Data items

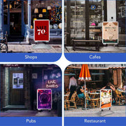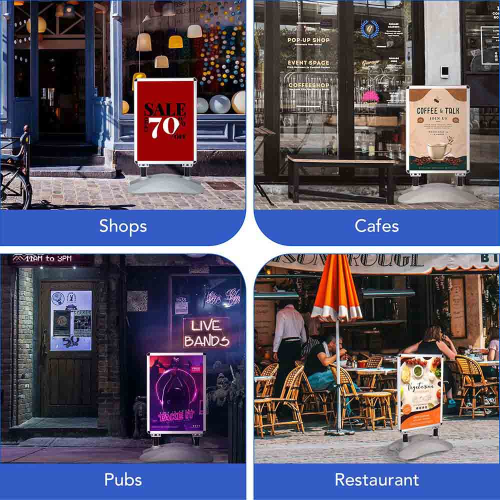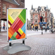 Yescom Pavement Sign Holds 2 sides 23-5/8"x33-1/2" Poster with Rolling Water-Fill Base. The base can be filled with water or sand for increased stability, also can withstand 5 stage wind force. It High Quality built-in wheels allow for easy repositioning, even when the base is filled. Ideal for shops, cafes, pubs, retail stores, markets, restaurants, and more.
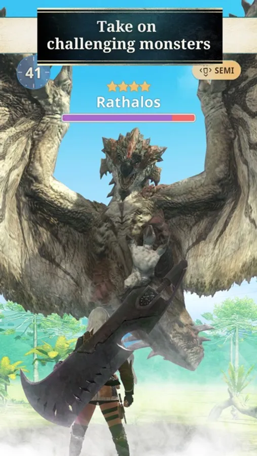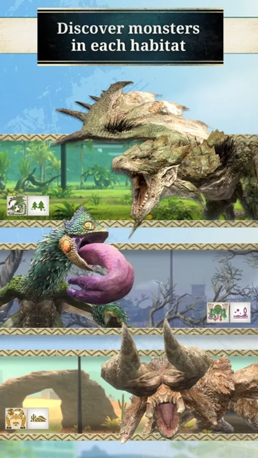 Discover a variety of monsters depending on the habitat around you – Forest, Desert or Swamp – and engage in thrilling hunts solo, or band together with fellow hunters to take on these large monsters. The simplified tap-based controls and high-fidelity graphics enable you to engage in enjoyable hunting action wherever you go.
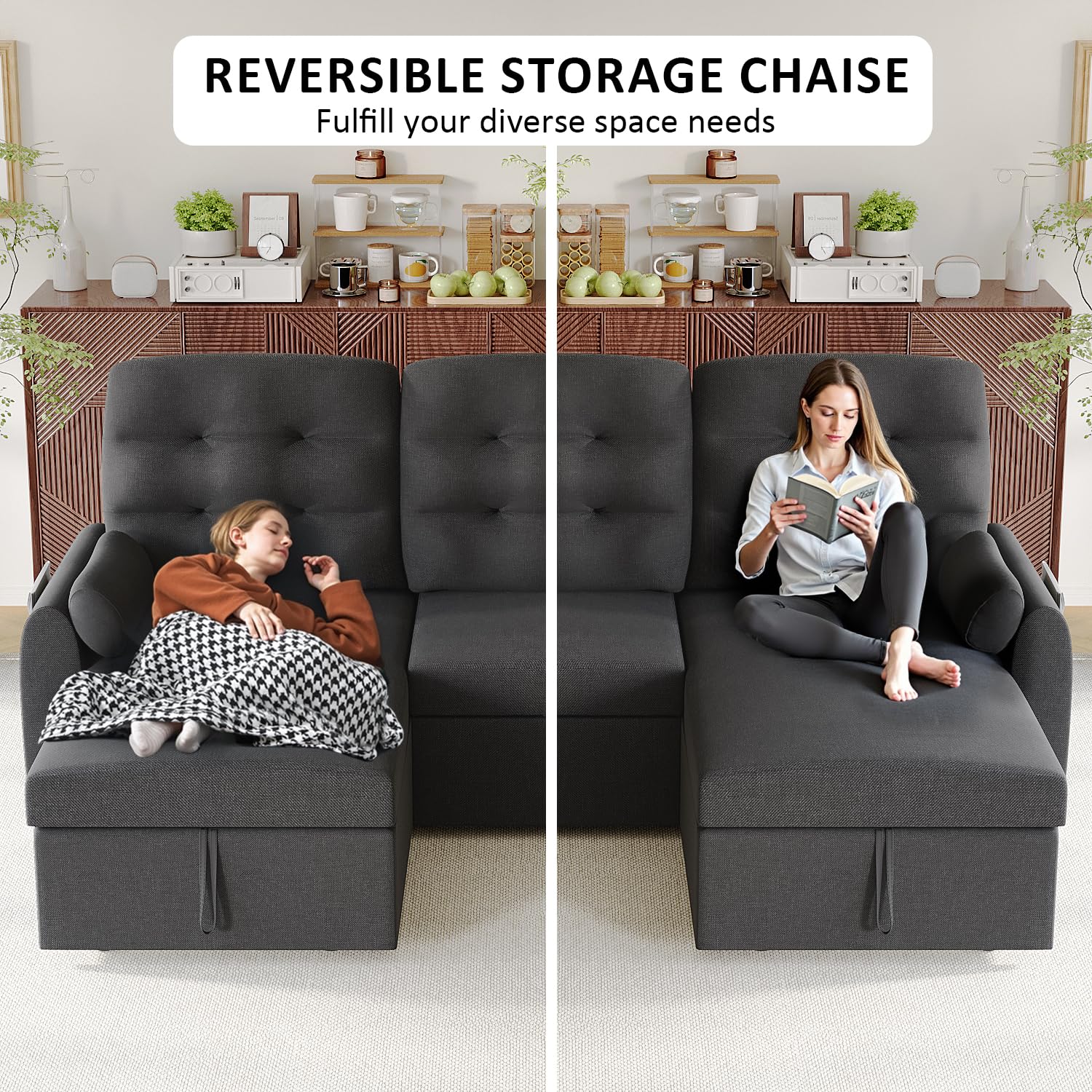 Ucloveria Sleeper Sofa Bed, 86" Convertible Sectional Sofa Couches for Living Room, Pull Out Couch Bed with Reversible Storage Chaise | USB Ports | Side Pockets | Removable Backrest
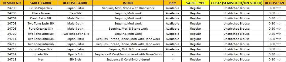 Buy Online TARINI SERIES 24705 TO 24715 BY MAHOTSAV DESIGNER WEDDING SAREES 11 Pcs of Full Catalogue at Wholesale Price. Looking for TARINI SERIES 24705 TO 24715 BY MAHOTSAV DESIGNER WEDDING SAREES Full Catalouge at Best Price? Buy Now TARINI SERIES 24705 TO 24715 BY MAHOTSAV DESIGNER WEDDING SAREES at Wholesale Rate of Rs 0 with Total 11 Pcs from authroized dealer and supplier of Mahotsav Saree Brand. Cost of Each piece is just only Rs 0 which is very low and affordable price to resale the product in your retail store ,This is Surat based Wholesale Supplier & Dealer of Mahotsav Saree Brand. Click on Brand name to Know more about Mahotsav Saree Brand's products.Call or Whatsapp on 9898838984 for booking or enquiry
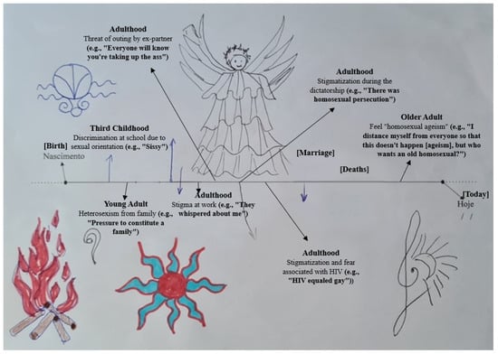 Even in the community, stigmatization continues to occur, as 60-year-old Fábio points out: “And neighbors say, ‘Man, the guy is a faggot… Let’s go and rob his car…’ That’s it. Do you understand? If I’m going to work, I have to hide the car far away because I’m scared!” Arlindo’s lifeline (83 years old) exemplifies this phenomenon of cumulative stigmatization throughout the life cycle (see Figure 2).
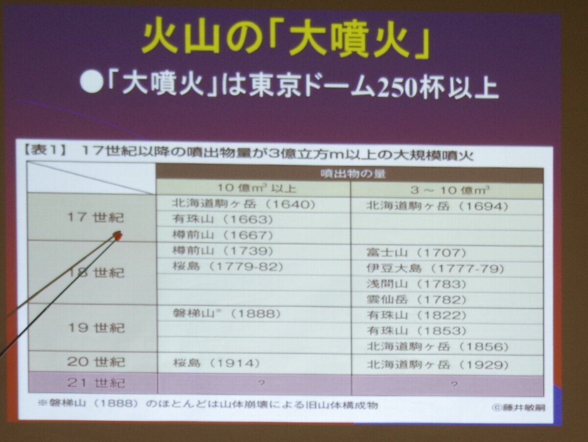【島村】これが火山の「大噴火」というものなのですが、さきほどのように、東京ドーム250杯以上ですので、10億立方m、あるいは3〜10億立方m、、両方とも250杯以上になります。17世紀には4回、18世紀には6回、19世紀には4回ありました。非常に不思議な事に、20世紀に入ると、桜島、北海道駒ヶ岳の二つだけで終わってしまいます。この最後の北海道駒ヶ岳の噴火(1929)から100年近く、「大噴火」が無いことが非常に不思議です。そういった意味では、いつかは、いつかというのは、近々なんですが、あるのではないのかというのが、地球物理学者の考えです。21世紀、このまま「大噴火」が無い状態が続くことはないというのが、地球物理学者の常識です。
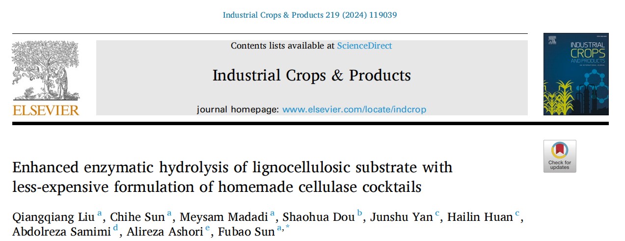 近期,我校伟德国际1946官方网生物资源与生物炼制研究团队在木质纤维素生物质酶法水解产糖方面取得重要进展,研究成果“Enhanced enzymatic hydrolysis of lignocellulosic substrate with less-expensive formulation of homemade cellulase cocktails”正式发表于Industrial Crops & Products(一区, Top, IF 5.6)。
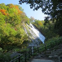 334号線の一本道を向かっているさなかにありました。駐車場はじゅうぶんにあり、れっきとした観光名所になっていました。階段を登るとすぐに滝の全貌が見えます。まわりの紅葉ときれいにマッチしていて綺麗な流れの滝でした。
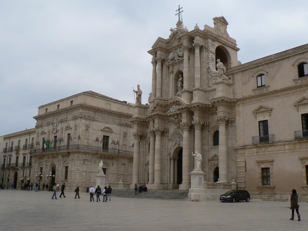 Ortygia je tím nejhezčím a nejzajímavějším, co lze v Syrakusách spatřit. Snoubí se tu starověk se středověkem a něco málo přinesla i doba nedávná. Na každém kroku turista narazí na cosi pozoruhodného a je pro mě udivující, jak tímto místem doslova proletí skupiny turistů. Pro nás se stal vstupní bránou do těchto míst Ponte Urbentino. Most ústí na Piazza Pancali, na jehož protilehlé straně je dórský Apollónův chrám ze 6. století p. n.l.. Patří k nejstarším řeckým památkám města a v době, kdy ještě stál to byla jistě nádhera. Nad chrámem, kromě několika domů, stojí malý kostel. Odtud pokračujeme po Corso G. Matteotti na Piazza Archiméde. Pohled na krásnou fontánu se sochou bohyně lovu Artemis a její doprovod s tryskající vodou nutí k delšímu zastavení. Lze využít i některou z kaváren na náměstí a v klidu si dopřát šálek kávy. V okolí náměstí je spleť uliček židovského ghetta. Jedna z nich končí na Piazza del Duomo. Tady stojí nejobdivovanější stavba města. Původně Athénin chrám z roku 480 p. n. l. byl v 7. století přestavěn na křesťanskou baziliku. Prastaré dórské sloupy jsou zastavené do zdiva katedrály, nesou její střechu a jsou dobře vidět jak uvnitř, tak i zvenčí. Chrám byl dvakrát poškozen zemětřesením a to v letech 1542 a 1693. Původní normanské průčelí se z části zřítilo. V letech 1728 až 1757 vyrostlo bohatě zdobené barokní průčelí. Na náměstí je několik paláců a kostel Santa Lucia alla Badia s expozicí obrazů malíře Caravaggia.
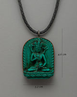 The green resin carving is expertly crafted and protected in a copper frame, making this locket a profound spiritual charm. It weighs only 0.010kg but has incredible spiritual significance. Whether worn as a symbol of regeneration, a meditation tool, or a protection charm, this Vajrasattva necklace promotes inner peace and spiritual advancement. This artwork is an excellent present for Buddhist practitioners, meditation admirers, and seekers of enlightenment as a reminder of divine wisdom and the power of purification.
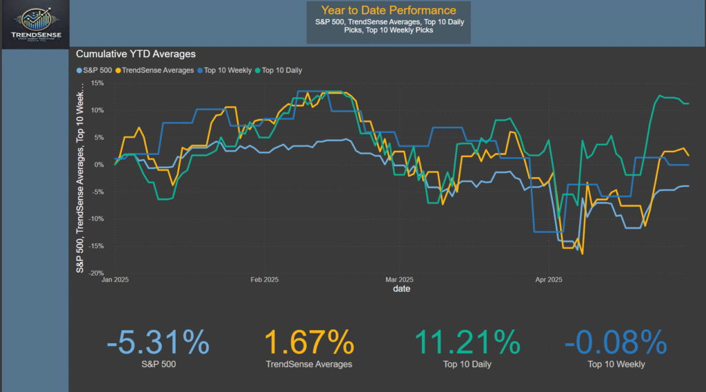 The YTD Performance Dashboard tracks how TrendSense’s stock picks compare to the overall market, specifically against the S&P 500 benchmark. The line chart shows how different stock groups—TrendSense’s tracked stocks, top daily picks, and top weekly picks—have performed cumulatively throughout the year.
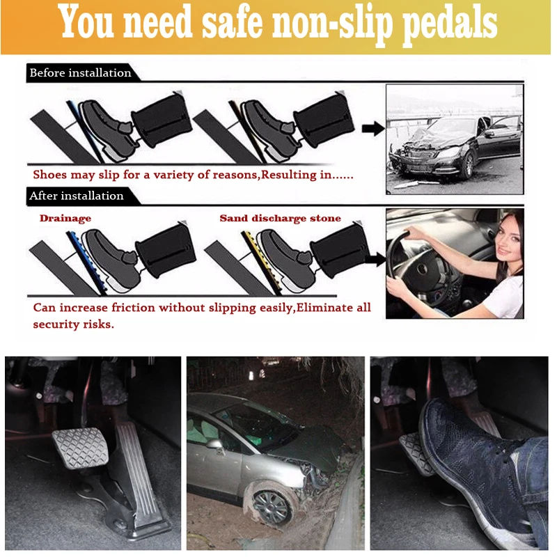 Для педали тормоза: Пожалуйста, Оторвите оригинальную резиновую крышку автомобиля, чтобы соответствовать продукту.
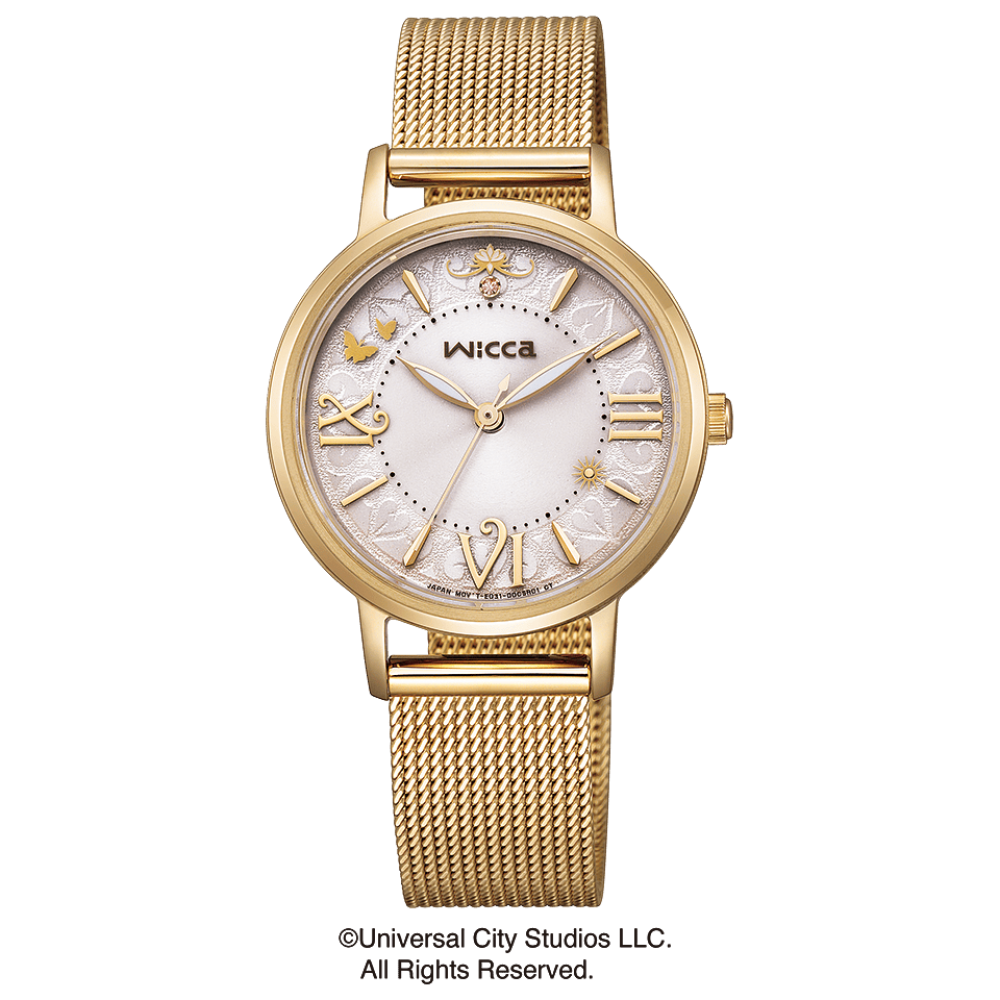 Citizen Wicca Limited Edition KP5-123-91 - ladies watch produced by Citizen. It has Japanese solar quartz movement and E031 calibre. Stainless steel, gold plated case of round shape. Case dimensions are 30.2 mm. in diameter and 7.5 mm. in thickness. The dial of this Citizen watch is pink. Display type: analog. This timepiece has mineral glass. Stainless steel, gold plated band, band color: gold. 50 m. water resistance. The watch is from Wicca collection. The following features are equipped: crystal set, glowing hands, limited edition.

> **Task statement**
Please restate the entries word for word, with all pictures left out.

> **Solution**
 Yescom Pavement Sign Holds 2 sides 23-5/8"x33-1/2" Poster with Rolling Water-Fill Base. The base can be filled with water or sand for increased stability, also can withstand 5 stage wind force. It High Quality built-in wheels allow for easy repositioning, even when the base is filled. Ideal for shops, cafes, pubs, retail stores, markets, restaurants, and more.
 Discover a variety of monsters depending on the habitat around you – Forest, Desert or Swamp – and engage in thrilling hunts solo, or band together with fellow hunters to take on these large monsters. The simplified tap-based controls and high-fidelity graphics enable you to engage in enjoyable hunting action wherever you go.
 Ucloveria Sleeper Sofa Bed, 86" Convertible Sectional Sofa Couches for Living Room, Pull Out Couch Bed with Reversible Storage Chaise | USB Ports | Side Pockets | Removable Backrest
 Buy Online TARINI SERIES 24705 TO 24715 BY MAHOTSAV DESIGNER WEDDING SAREES 11 Pcs of Full Catalogue at Wholesale Price. Looking for TARINI SERIES 24705 TO 24715 BY MAHOTSAV DESIGNER WEDDING SAREES Full Catalouge at Best Price? Buy Now TARINI SERIES 24705 TO 24715 BY MAHOTSAV DESIGNER WEDDING SAREES at Wholesale Rate of Rs 0 with Total 11 Pcs from authroized dealer and supplier of Mahotsav Saree Brand. Cost of Each piece is just only Rs 0 which is very low and affordable price to resale the product in your retail store ,This is Surat based Wholesale Supplier & Dealer of Mahotsav Saree Brand. Click on Brand name to Know more about Mahotsav Saree Brand's products.Call or Whatsapp on 9898838984 for booking or enquiry
 Even in the community, stigmatization continues to occur, as 60-year-old Fábio points out: “And neighbors say, ‘Man, the guy is a faggot… Let’s go and rob his car…’ That’s it. Do you understand? If I’m going to work, I have to hide the car far away because I’m scared!” Arlindo’s lifeline (83 years old) exemplifies this phenomenon of cumulative stigmatization throughout the life cycle (see Figure 2).
【島村】これが火山の「大噴火」というものなのですが、さきほどのように、東京ドーム250杯以上ですので、10億立方m、あるいは3〜10億立方m、、両方とも250杯以上になります。17世紀には4回、18世紀には6回、19世紀には4回ありました。非常に不思議な事に、20世紀に入ると、桜島、北海道駒ヶ岳の二つだけで終わってしまいます。この最後の北海道駒ヶ岳の噴火(1929)から100年近く、「大噴火」が無いことが非常に不思議です。そういった意味では、いつかは、いつかというのは、近々なんですが、あるのではないのかというのが、地球物理学者の考えです。21世紀、このまま「大噴火」が無い状態が続くことはないというのが、地球物理学者の常識です。
 近期,我校伟德国际1946官方网生物资源与生物炼制研究团队在木质纤维素生物质酶法水解产糖方面取得重要进展,研究成果“Enhanced enzymatic hydrolysis of lignocellulosic substrate with less-expensive formulation of homemade cellulase cocktails”正式发表于Industrial Crops & Products(一区, Top, IF 5.6)。
 334号線の一本道を向かっているさなかにありました。駐車場はじゅうぶんにあり、れっきとした観光名所になっていました。階段を登るとすぐに滝の全貌が見えます。まわりの紅葉ときれいにマッチしていて綺麗な流れの滝でした。
 Ortygia je tím nejhezčím a nejzajímavějším, co lze v Syrakusách spatřit. Snoubí se tu starověk se středověkem a něco málo přinesla i doba nedávná. Na každém kroku turista narazí na cosi pozoruhodného a je pro mě udivující, jak tímto místem doslova proletí skupiny turistů. Pro nás se stal vstupní bránou do těchto míst Ponte Urbentino. Most ústí na Piazza Pancali, na jehož protilehlé straně je dórský Apollónův chrám ze 6. století p. n.l.. Patří k nejstarším řeckým památkám města a v době, kdy ještě stál to byla jistě nádhera. Nad chrámem, kromě několika domů, stojí malý kostel. Odtud pokračujeme po Corso G. Matteotti na Piazza Archiméde. Pohled na krásnou fontánu se sochou bohyně lovu Artemis a její doprovod s tryskající vodou nutí k delšímu zastavení. Lze využít i některou z kaváren na náměstí a v klidu si dopřát šálek kávy. V okolí náměstí je spleť uliček židovského ghetta. Jedna z nich končí na Piazza del Duomo. Tady stojí nejobdivovanější stavba města. Původně Athénin chrám z roku 480 p. n. l. byl v 7. století přestavěn na křesťanskou baziliku. Prastaré dórské sloupy jsou zastavené do zdiva katedrály, nesou její střechu a jsou dobře vidět jak uvnitř, tak i zvenčí. Chrám byl dvakrát poškozen zemětřesením a to v letech 1542 a 1693. Původní normanské průčelí se z části zřítilo. V letech 1728 až 1757 vyrostlo bohatě zdobené barokní průčelí. Na náměstí je několik paláců a kostel Santa Lucia alla Badia s expozicí obrazů malíře Caravaggia.
 The green resin carving is expertly crafted and protected in a copper frame, making this locket a profound spiritual charm. It weighs only 0.010kg but has incredible spiritual significance. Whether worn as a symbol of regeneration, a meditation tool, or a protection charm, this Vajrasattva necklace promotes inner peace and spiritual advancement. This artwork is an excellent present for Buddhist practitioners, meditation admirers, and seekers of enlightenment as a reminder of divine wisdom and the power of purification.
 The YTD Performance Dashboard tracks how TrendSense’s stock picks compare to the overall market, specifically against the S&P 500 benchmark. The line chart shows how different stock groups—TrendSense’s tracked stocks, top daily picks, and top weekly picks—have performed cumulatively throughout the year.
 Для педали тормоза: Пожалуйста, Оторвите оригинальную резиновую крышку автомобиля, чтобы соответствовать продукту.
 Citizen Wicca Limited Edition KP5-123-91 - ladies watch produced by Citizen. It has Japanese solar quartz movement and E031 calibre. Stainless steel, gold plated case of round shape. Case dimensions are 30.2 mm. in diameter and 7.5 mm. in thickness. The dial of this Citizen watch is pink. Display type: analog. This timepiece has mineral glass. Stainless steel, gold plated band, band color: gold. 50 m. water resistance. The watch is from Wicca collection. The following features are equipped: crystal set, glowing hands, limited edition.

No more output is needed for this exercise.